I recently bumped into her in the park. I said hi, kissed her on the cheek, said I was busy and walked away. It was a petty, way too-little-too-late attempt to rebalance the power.
We had a first date and there was an instant connection. Not fireworks, but definitely something. We clearly both felt it. She invited me to a party the very next night with her best friends. I got an enthusiastic stamp of approval from them and suddenly we were an item. Honestly, I didn’t think she was the one, but I wanted to give it a chance to be proven wrong. I did the things guys are traditionally meant to do. I was romantic, charmed her, did lovely things for her. I enjoyed doing them, and she clearly loved it.
About 6 weeks later she called to end it. I was a bit upset but I didn’t cry. Ultimately neither of us really cared enough.
He’s Just Not That Into You
The speciously titled book “He’s Just Not That Into You” is basically about power dynamics. From scanning, it has the base assumption the man should do 100% of the pursuing, and the woman’s only agency is through playing hard to get. So much for feminism. That approach certainly creates a power imbalance, and may work in some cases. It’s also manipulative and no better than the sleazy guys using PUA techniques to bed random women – manipulating people to meet your own needs.
I don’t think men and women are that different (although, never having been a woman, take that with a pinch of salt). We want to be needed. We are scared of rejection. We feel vulnerable. We want to be loved.
How do you restore balance when it’s out of whack? I’ll make the assumption that, if you are asking this question, you are the one with less power.
So far I’ve simplified the notion of power. Power operates simultaneously on many different axes. The stereotype is men hold power on money, women on sex, and men and women trade power in an uneasy alliance. But it can be on many different axes, somewhat unique to each relationship. But add up all those pieces, the end game is: who wants the relationship less?
Take a Pill or Diet and Exercise?
Humans want the easy option. There are things that work – playing hard to get sometimes works, but it’s ultimately manipulative. The goal is healthier relationships, not creating a machiavellian army. For example, Nina, the girl I was crazy about who dumped me, really wanted children and her clock was ticking loud. I could have gained a lot of power by suggesting we have children together (which I was open to), but I knew that would skew the power to me for the wrong reasons – she would possibly want me for my sperm rather than want me, so I chose not to exert power on that axis. Right result, but wrong reason. Process matters.
Rather than give the easy option, I’ll give the diet-and-exercise option. I have a female friend who is smart, funny, attractive, and perpetually single. Why? Mostly, she has terrible self esteem. She is desperate for a guy, and I’m sure guys sense that, she gives away her power instantly. I’m sure the first quarter decent guy who asks her to marry him, she’ll say yes. She has no power at all.

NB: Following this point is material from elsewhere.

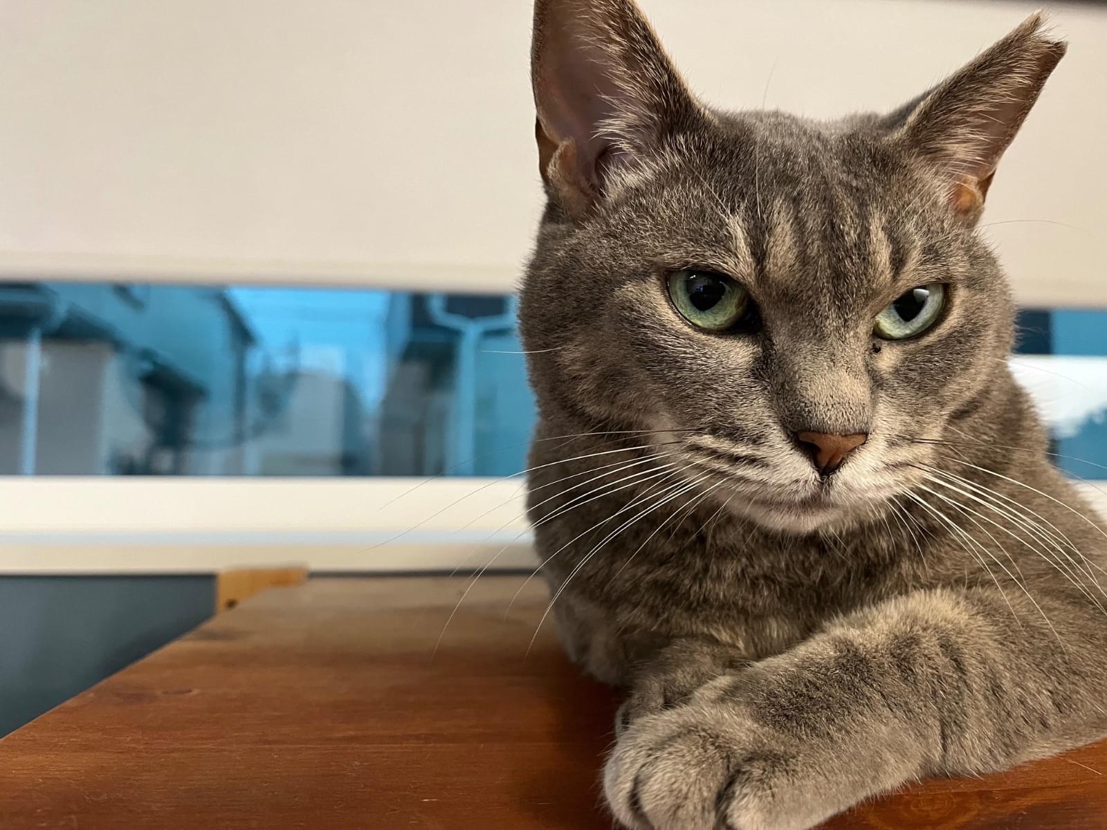 元野良猫で、保護猫として7年前譲渡していただきました。臆病な性格ですが、外への興味はありました。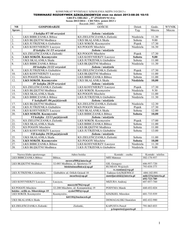KOMUNIKAT WYDZIAŁU SZKOLENIA MZPN 5/O/2013 r. TERMINARZ ROZGRYWEK SZKOLENIOWYCH stan na dzień 2013-08-26 10:15 GRUPA ORLIKI „ 5” (POJEDYNCZA) Sezon 2013/2014 – I RUNDA jesień 2013 r Rocznik 2003 - 2004 NR Spraw. 1. 2. 3. 4. 5. 6. 7. 8. 9. 10. 11. 12. 13. 14. 15. 16. 17. 18. 19. 20. 21. 22. 23. 24. 25. 26. 27. 28. GOŚCIE GOSPODARZE I kolejka 07/ 08 wrzesień LKS BIBICZANKA Bibice LKS BŁĘKITNI Modlnica LKS JUTRZENKA Giebułtów LKS KOSYNIERZY Łuczyce II kolejka 14 /15 wrzesień KS ZIELEŃCZANKA Zielonki LKS SOKÓŁ Kocmyrzów UKS SKALANKA Skała LKS BIBICZANKA Bibice III kolejka 21/22 wrzesień LKS JUTRZENKA Giebułtów LKS KOSYNIERZY Łuczyce KS POGOŃ Miechów LKS SOKÓŁ Kocmyrzów IV kolejka 28/29 wrzesień KS ZIELEŃCZANKA Zielonki LKS BŁĘKITNI Modlnica UKS SKALANKA Skała LKS BIBICZANKA Bibice V kolejka05 /06 październik LKS BŁĘKITNI Modlnica LKS JUTRZENKA Giebułtów LKS KOSYNIERZY Łuczyce LKS SOKÓŁ Kocmyrzów VI kolejka 12/13 październik KS ZIELEŃCZANKA Zielonki UKS SKALANKA Skała KS POGOŃ Miechów LKS KOSYNIERZY Łuczyce VII kolejka 19/20 październik UKS SKALANKA Skała LKS SOKÓŁ Kocmyrzów LKS BIBICZANKA Bibice LKS BŁĘKITNI Modlnica Nazwa klubu sportowego LKS BIBICZANKA Bibice LKS BŁĘKITNI Modlnica Sobota / niedziela KS ZIELEŃCZANKA Zielonki UKS SKALANKA Skała LKS SOKÓŁ Kocmyrzów KS POGOŃ Miechów Sobota / niedziela KS POGOŃ Miechów LKS KOSYNIERZY Łuczyce LKS JUTRZENKA Giebułtów LKS BŁĘKITNI Modlnica Sobota / niedziela KS ZIELEŃCZANKA Zielonki LKS BŁĘKITNI Modlnica LKS BIBICZANKA Bibice UKS SKALANKA Skała Sobota / niedziela LKS KOSYNIERZY Łuczyce LKS SOKÓŁ Kocmyrzów KS POGOŃ Miechów LKS JUTRZENKA Giebułtów Sobota / niedziela KS ZIELEŃCZANKA Zielonki KS POGOŃ Miechów UKS SKALANKA Skała LKS BIBICZANKA Bibice Sobota / niedziela LKS SOKÓŁ Kocmyrzów LKS BIBICZANKA Bibice LKS BŁĘKITNI Modlnica LKS JUTRZENKA Giebułtów Sobota / niedziela KS ZIELEŃCZANKA Zielonki KS POGOŃ Miechów LKS KOSYNIERZY Łuczyce LKS JUTRZENKA Giebułtów Adres boiska Bibice, [email protected] 32-085 Modlnica, ul. Sportowa 19 [email protected] Dzień Tyg. Godz. Meczu Niedziela Sobota Piątek Niedziela 11.30 9.00 17.30 16.30 Piątek Sobota Sobota Niedziela 17.30 9,00 11.00 11.30 Piątek Sobota Sobota Niedziela 17.30 11.00 11.00 10,00 Piątek Niedziela Sobota Niedziela 17.30 9.30 11.00 11.30 Niedziela Piątek Sobota Sobota 12.30 17.30 12.00 10,00 Piątek Sobota Sobota Sobota 17.00 11.00 11.00 13.00 Sobota Sobota Niedziela Niedziela 11.00 10,00 11.30 9.00 Kontakt – osoba MIŚ Mateusz Kontakt - telefon 502-178-957 606-957-720 793-038-375 LKS JUTRZENKA Giebułtów Giebułtów ul. Orlich Gniazd 10 [email protected] GIL Grzegorz RUMIAN Wojciech [email protected] Tadeusz GĄTKIEWICZ [email protected] LKS KOSYNIERZY Łuczyce Łuczyce, MIZURA Andrzej 604-142-891 [email protected] 692-723-789 607-057-760 KS POGOŃ Miechów boisko –orlik os. Sikorskiego 15 LKS SOKÓŁ Kocmyrzów [email protected] 32-200 Miechów, ul. Konopnickiej 19 [email protected] Kocmyrzów, [email protected] PODYMA Marek 660-452-024 KISZKIEL Mirosław 601-735-939 DOMAGALSKI Stanisław 602-432-980 KAPUSTA Paweł [email protected] 791-063-033 UKS SKALANKA Skała KS ZIELEŃCZANKA Zielonki Zielonki, 1 WYNIK Meczu REGULAMIN ROZGRYWEK SZKOLENIOWYCH ORLIKÓW ; ŻAKÓW I SKRZATÓW NA SEZON 2013/2014 1.Zespół liczy 7 zawodników w tym bramkarz oraz do 5 zawodników rezerwowych wpisanych do sprawozdania. * Orliki rocznik od 01.01.2003 - 31.12.2004 * Żaki rocznik od 01.01.2005 - 31.12.2006 * Skrzaty rocznik od 01.01.2007 i młodsi. 2.Każdy zawodnik powinien posiadać : * Dla Orlików i dla Żaków - legitymację szkolną i deklaracja przynależności do klubu oraz aktualną kartę zdrowia. * Dla Skrzatów- Aktualną kartę zdrowia. 3.Wymiary boisk dla Orlików 50 x 33-35 m. dla Żaków i Skrzatów 40 x 30 m. 4.Czas gry 2x25 minut – min 5 zawodników. (Skrzaty - 2x20 min) 5.Rozmiar piłki do gry: Orliki piłka nr 4 , Żaki piłka nr 3 lub siatkowa, Skrzaty piłka siatkowa. 6.Zmiany zawodników systemem „hokejowym”. 7.Gra odbywa się bez spalonego. 8.Za niesportowe zachowanie kary czasowe 1- 2 minuty. 9.Rzut karny dla Orlików i Żaków 9 m, dla Skrzatów 7 m. 10.Pole karne na całej szerokości boiska, 9 m dla Orlików i żaków, 7,0 m dla skrzatów. 11.Rozgrywki odbywają się bez awansów i spadków. 12.Bramkarz wyprowadza piłkę: Orliki – ręką, Żaki nogą lub ręką, Skrzaty nogą. 12a. Rzut z autu wykonywany jest z nad głowy rękami. 12b. Zakaz gry w obuwiu z metalowymi wkrętami. 13.Zawody powinni prowadzić sędziowie związkowi, nieobecność sędziów powoduje odbycie losowania między zainteresowanymi stronami, przedstawiciel sędziujący uczy przepisów gry, a nie tylko egzekwuje. 14.Sprawy wychowawcze: * Wyprowadzenie i przywitanie zespołów. * Ogłoszenie wyników po zawodach. * Zawodnicy dziękują przeciwnikom za rozegranie meczu. 15.Drużyny rozgrywają mecze pod warunkiem posiadania potwierdzonej przez MZPN podstawowej listy zgłoszeń w systemie ekstranet począwszy od ukończenia 7 roku życia. 16.Pomiędzy dwoma kolejnymi meczami danej drużyny wymagana jest przerwa 48 godzin od zakończenia ostatniego meczu. 17.W celu poprawienia przejrzystości na boisku należy usytuować zawodników rezerwowych, kierowników drużyn i trenerów za jedną linią autową a rodziców i kibiców za drugą linią autową. 18. Po rozegranym spotkaniu sprawozdanie należy dostarczyć W CIĄGU 72 GODZIN do Podokręgu Piłki Nożnej Kraków przy MZPN, ul. Krowoderska 74 Organizatorzy rozgrywek Komisja Młodzieżowa MZPN: Jan Burmer – 889-109-389, Andrzej Garley – 501-799-213, Jerzy Gospodarczyk – 661-517-847, Aleksander Hradecki – 882-450-190, Marian Jarek – 797-837-302. Zgłoszenia potwierdzone wpłatą 300 zł na drużynę (trampkarzy, młodzików, orlików, żaków i skrzatów) do rozgrywek LIII(53) Halowych Mistrzostw Krakowa w sezonie 2013 – 2014 należy przesł

The answer is the opposite of that. Be the best you you can be. It’s a cliche, but true. People want to be with you then. Be confident in yourself and you’ll attract the right person. And if that person doesn’t want you? Well, tough luck to them. You are awesome. If they don’t realise it, that’s their loss.
Get some hobbies. Go out. Not to meet people. Just to be more interesting, more fun, more passionate, to have something to talk about, and yeah, as a bonus, maybe meet people. Maybe not. Who cares? You’re being awesome.
Like most things, it comes down to the basics of life. Exercise. Eat good food. Be kind to others. Be an awesome you. That gives you as much power as you’ll ever need.